Gastroesophageal junction adenocarcinoma (GEJAC) is a highly lethal malignancy, and its molecular mechanisms are still not well understood. Reliable biomarkers for early diagnosis and immunotherapy are urgently needed. This study sought to identify hub genes linked to GEJAC by analyzing datasets from the Gene Expression Omnibus (GEO) and examining their correlation with immune cell infiltration.

Methods

Transcriptome data of GEJAC samples and matched normal controls were obtained from GEO. Differentially expressed genes were identified, followed by WGCNA to determine hub genes. Functional annotation was carried out through GO, KEGG, and PPI network analysis to elucidate their biological significance. A diagnostic prediction model was established using logistic regression, and its accuracy was validated through ROC curve analysis. Immune cell composition was assessed with the CIBERSORT algorithm, and the associations between hub genes and immune cell subsets were further investigated.

Results

A total of 392 genes with differential expression were identified, among which 47 overlapping candidates were screened by intersecting WGCNA modules with DEGs.
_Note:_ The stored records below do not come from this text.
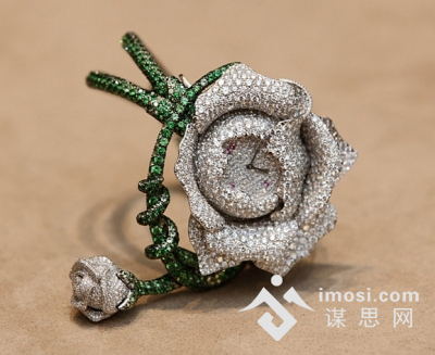 整枚La Rose腕表共镶有3190颗宝石(约重46.5克拉),其中包括5颗蓝宝石、145颗绿橄榄石以及1965颗钻石;1075颗tsavorites沙弗莱石镶砌而成。表面同样镶上宝石,与整枚腕表吻合得天衣无缝,恍若在佩戴者的眼前雕造出一幕童话国度的幻景。La Rose腕表是另一件堪当冠上积家之名的卓越定时器具,因为它在登峰造极的美艺以外,配备了积家846型机械式手动上炼机芯;机芯之外,是一个精致的镀铑白金表壳,而上炼表冠则高明地隐藏于表盘下,保持腕表的瑰丽美感。
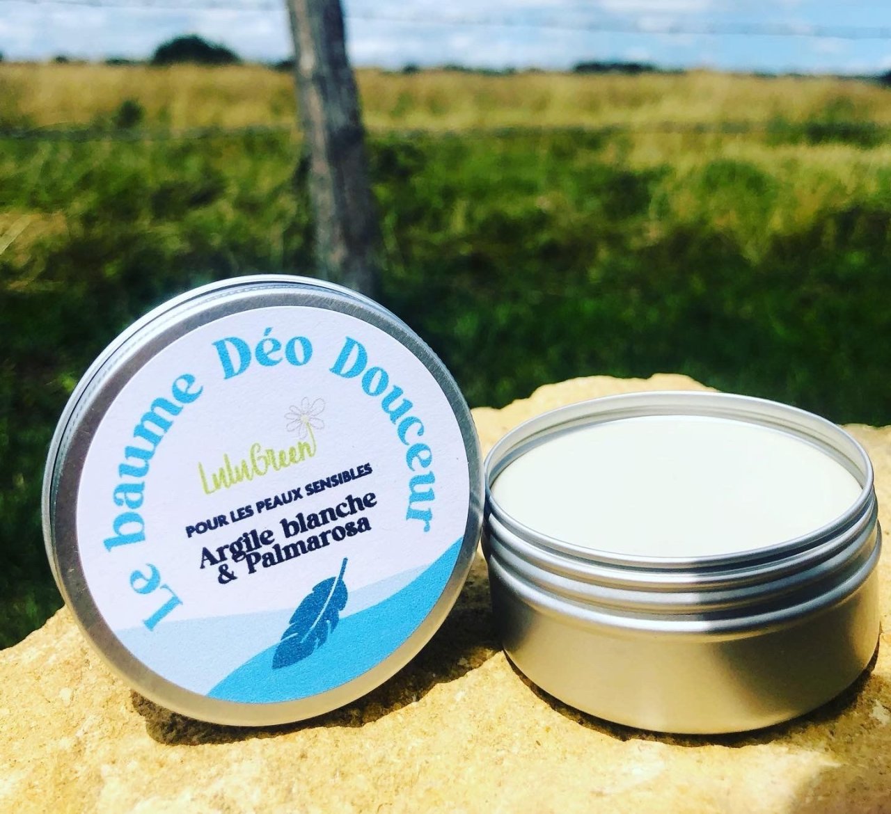 DEO DOUCEUR, baume à appliquer du bout des doigts. Sans bicarbonate et avec de l'huile essentielle de palmarès, il n'agresse pas la peau et protège des odeurs de transpiration toute la journée. Très économique, il dure longtemps (50 g).
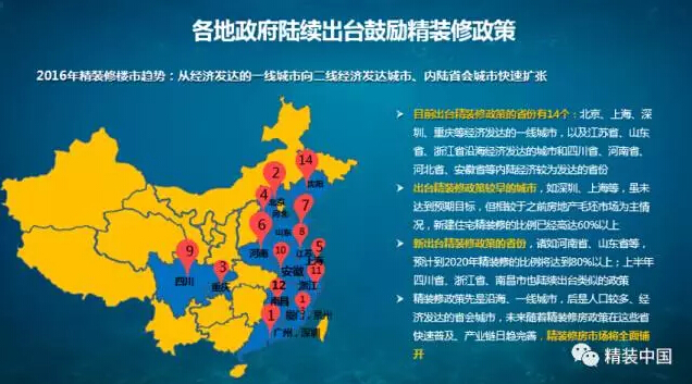 2016年各地陸續(xù)出臺(tái)全裝修、精裝修的相關(guān)條例,在綠色化、住宅產(chǎn)業(yè)化的推動(dòng)下,“毛坯房”將逐步退出房地產(chǎn)的歷史舞臺(tái)。
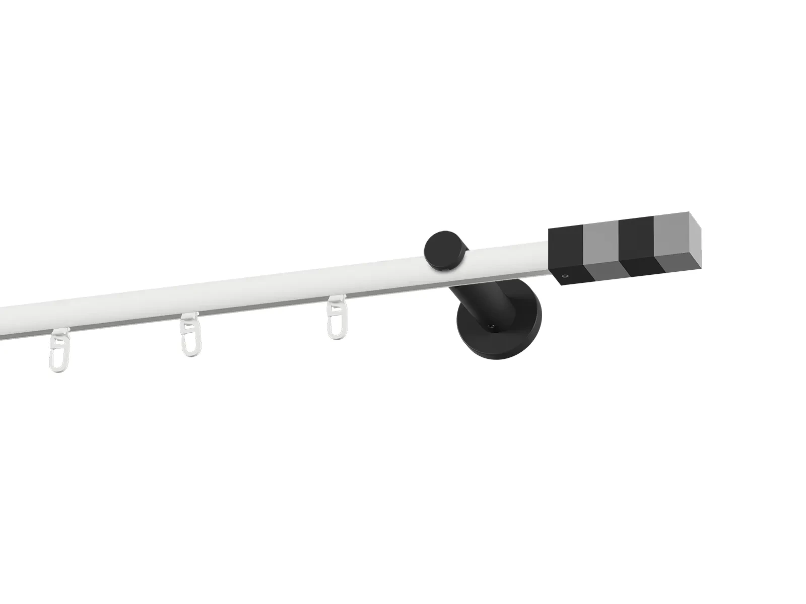 Jednoradová drážková garniža s povrchovou úpravou - bielo čierna lakovaná. Garniže sú dodávané sú v kompletoch. Tvar koncovky a typ držiaka podľa zadaného výberu.
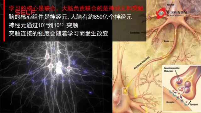 神经元长得很漂亮,图上左边就是显示了几个神经元的样子,你看它们长得很大的、天线一样的形状,就是接受输入的地方;它们还长出很纤细的、很长的叫“轴突”的这种结构,来传输自己的这个信号,那么接受这个信号的地方就叫做“突触”。
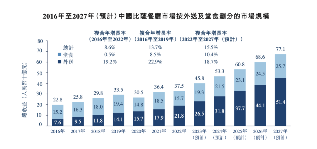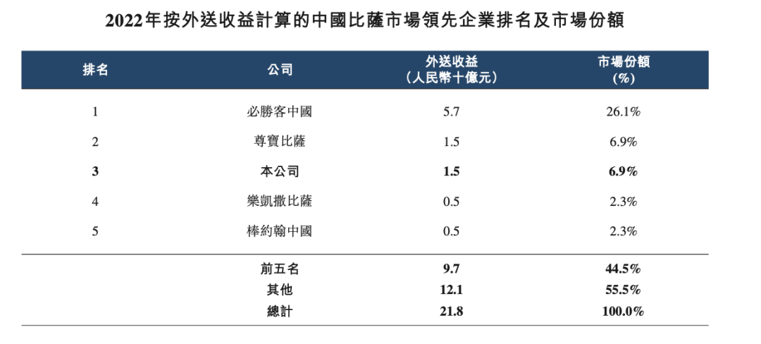 弗若斯特沙利文发布的中国披萨市场行业报告显示,预计披萨外送分部甚至将较整个中国披萨市场增长更快:2022年,整体外送比萨销售额为218亿元,占整个中国比萨市场的58.1%;预计2022年至2027年披萨外送分部将按18.7%的复合年增长率增至514亿元,占整个中国披萨市场的66.7%。
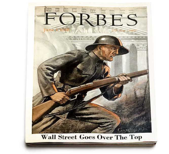 Прошло 14 месяцев с тех пор, как США вступили в мировую войну. Б. Ч. Форбс прошелся по опустевшему зданию Bankers Trust (сейчас 14 Wall Street) и насчитал 490 отсутствующих — Уолл-стрит мобилизовала своих людей на поля сражений. И на продажу бондов, чтобы помочь финансировать войну. «Брокеры убеждают клиентов инвестировать в военные займы», — писал Форбс в главном материале номера. По его подсчетам, ни одна отрасль экономики не внесла сопоставимого бескорыстного вклада в дело войны. Победу будут праздновать 5 месяцев спустя. Всего за годы войны финансисты в США собрали $17 млрд ($320 млрд в сегодняшних ценах), продав 5 выпусков военных облигаций.
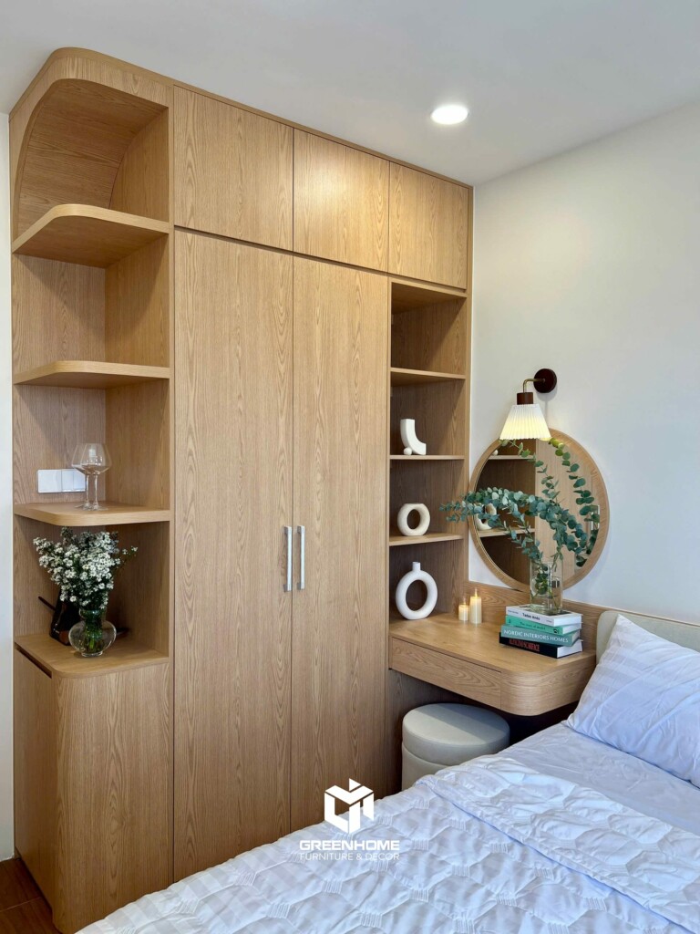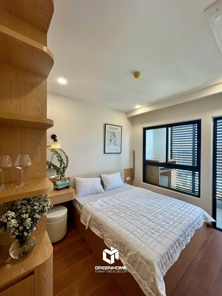 ✨ Phòng ngủ: Nội thất tối giản, đường cong mềm mại, vân gỗ tự nhiên tạo điểm nhấn.
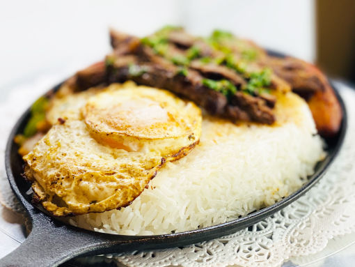Spicy ramen bowl made with roasted chicken, spicy broth, ramen noodles, grilled jalapenos, scallions & a fried egg.
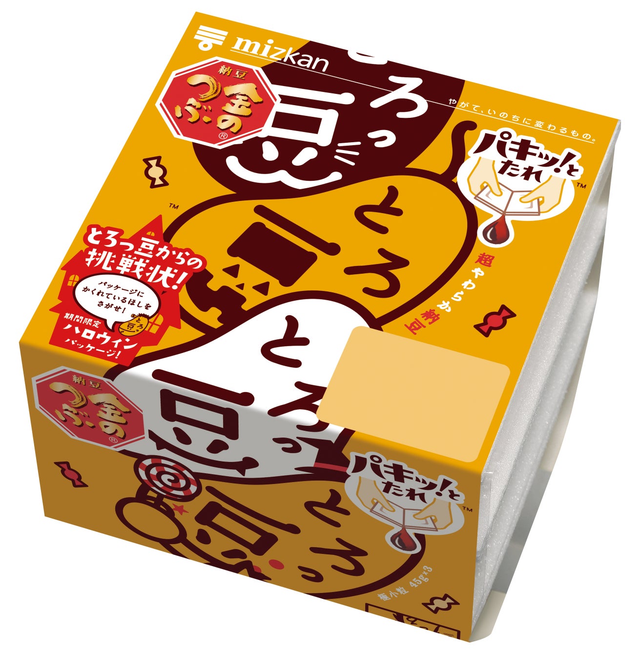 そのような高い人気を誇ったパッケージが、さらに楽しいデザインとなって新登場いたします。新デザインに加え、『とろっ豆からの挑戦状』というオリジナルミニゲームが付いています。この『とろっ豆からの挑戦状』は、パッケージに隠れているおばけやカボチャ等ハロウィンにちなんだものを探したり、数を数えたりするミニゲームで、難易度は易しいものから難しいものまで複数ご用意しております。ぜひご家族のみなさまでミニゲームを楽しんでみてはいかがでしょうか。
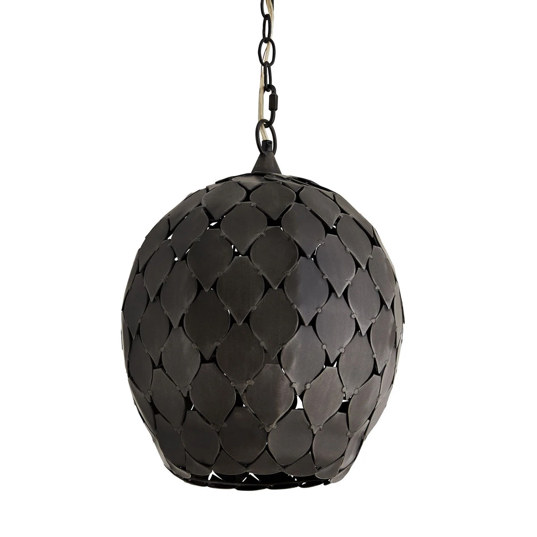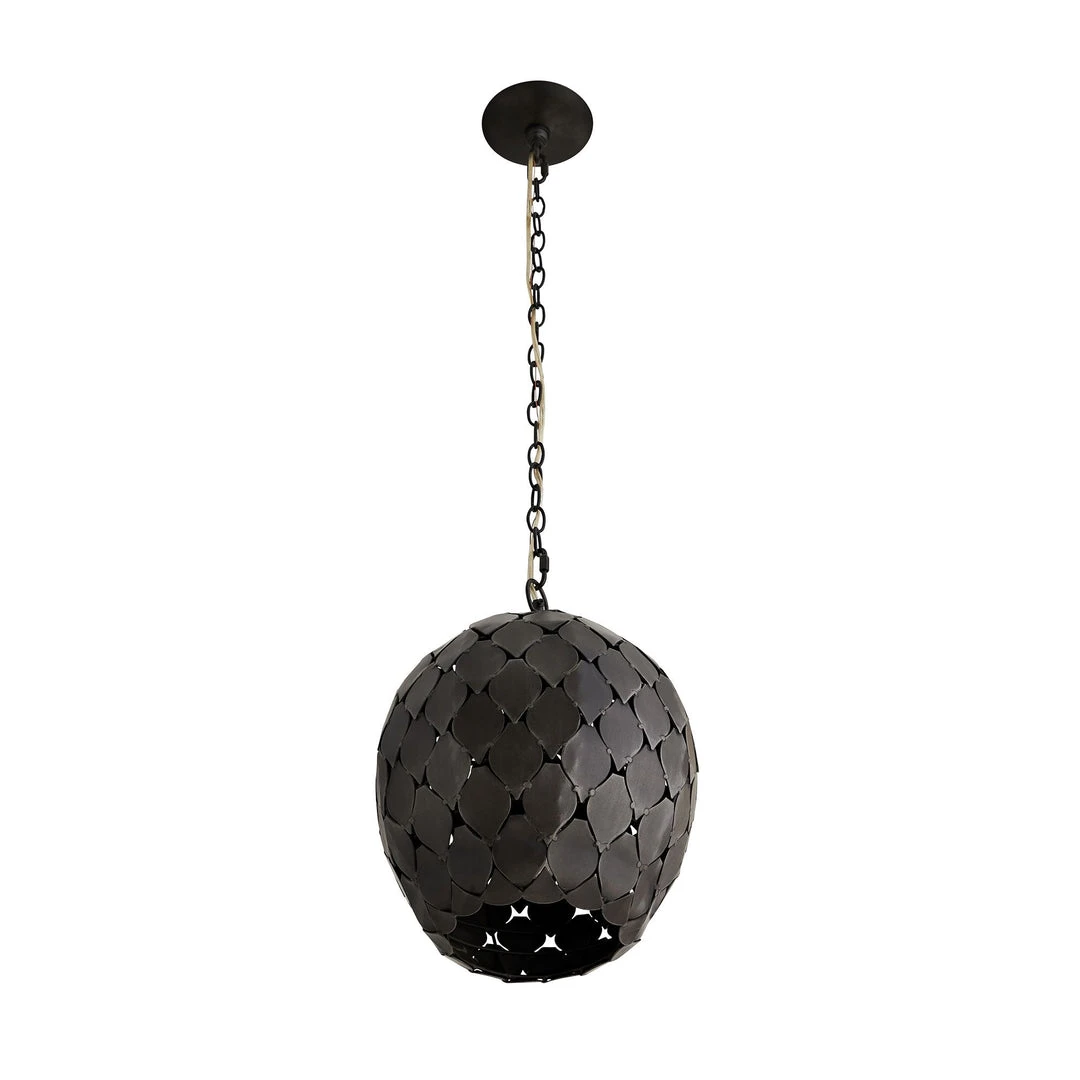 Crafted by hand, the Osgood Pendant in Bronze from Arteiors Home is the epitome of form meets function. Each rustic, diamond-shaped iron leaf is crafted by hand and pieced together to form a unique dome. Finished in bronze, the leaves are sculpted in a way that light emits from all angles of the imperfect shade. *Additional chain available (CHN-237). *Damp-rated, though limited covered outdoor conditions may affect the finish.
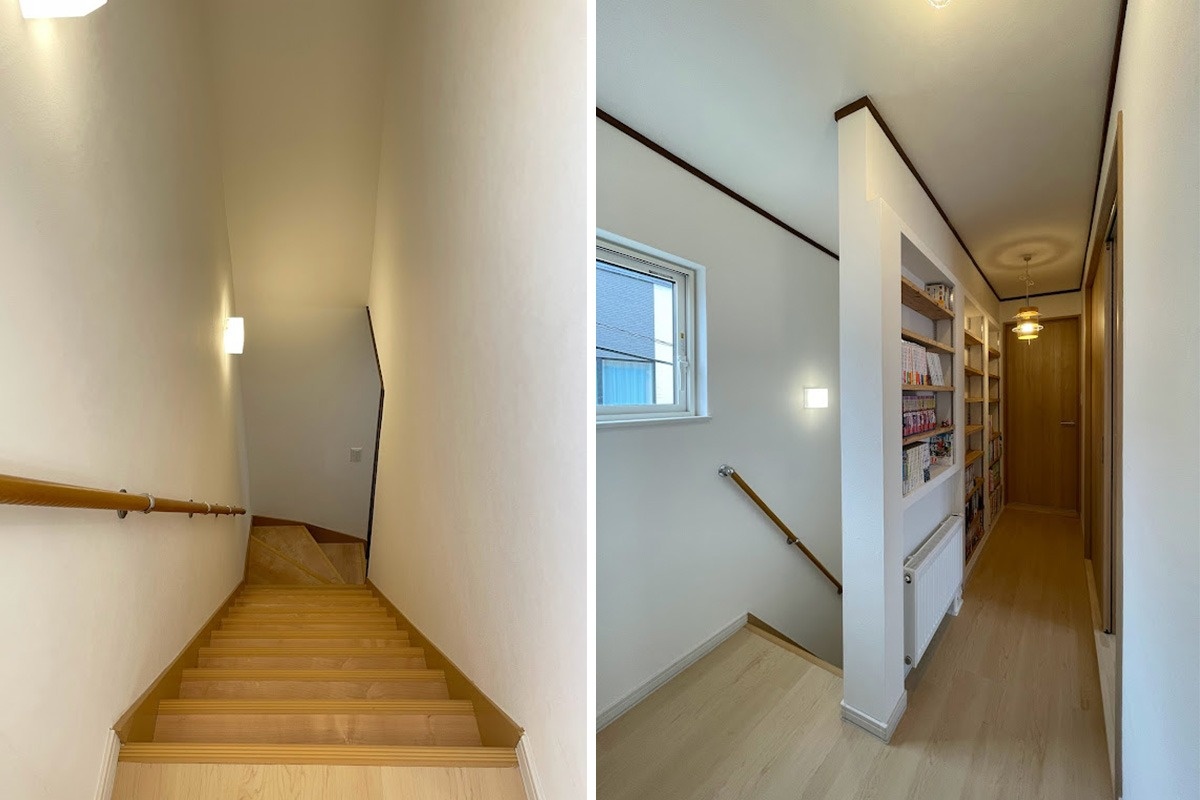 続いて2階へ。廊下には既存の壁を利用した本棚を造作。ご家族が愛読している本や漫画を全巻納めても、まだまだ余裕がある収納力です。

Functional enrichment analysis revealed that these genes were involved in meiotic nuclear division, mitotic cell cycle checkpoint, and the p53 signaling pathway. Five hub genes (TPX2, CCNB2, BUB1, TOP2A, ASPM) were selected for the construction of a diagnostic model, which achieved strong predictive performance (AUC = 0.9). Immune infiltration analysis revealed an inverse relationship between all five hub genes and resting memory CD4 + T cells, as well as a positive relationship with activated memory CD4 + T cells.

Conclusion

This study identified TPX2, CCNB2, BUB1, TOP2A, and ASPM as potential candidate diagnostic biomarkers for GEJAC at the transcriptomic level. These genes are closely associated with immune cell infiltration, providing new insights into GEJAC pathogenesis and potential targets for immunotherapy.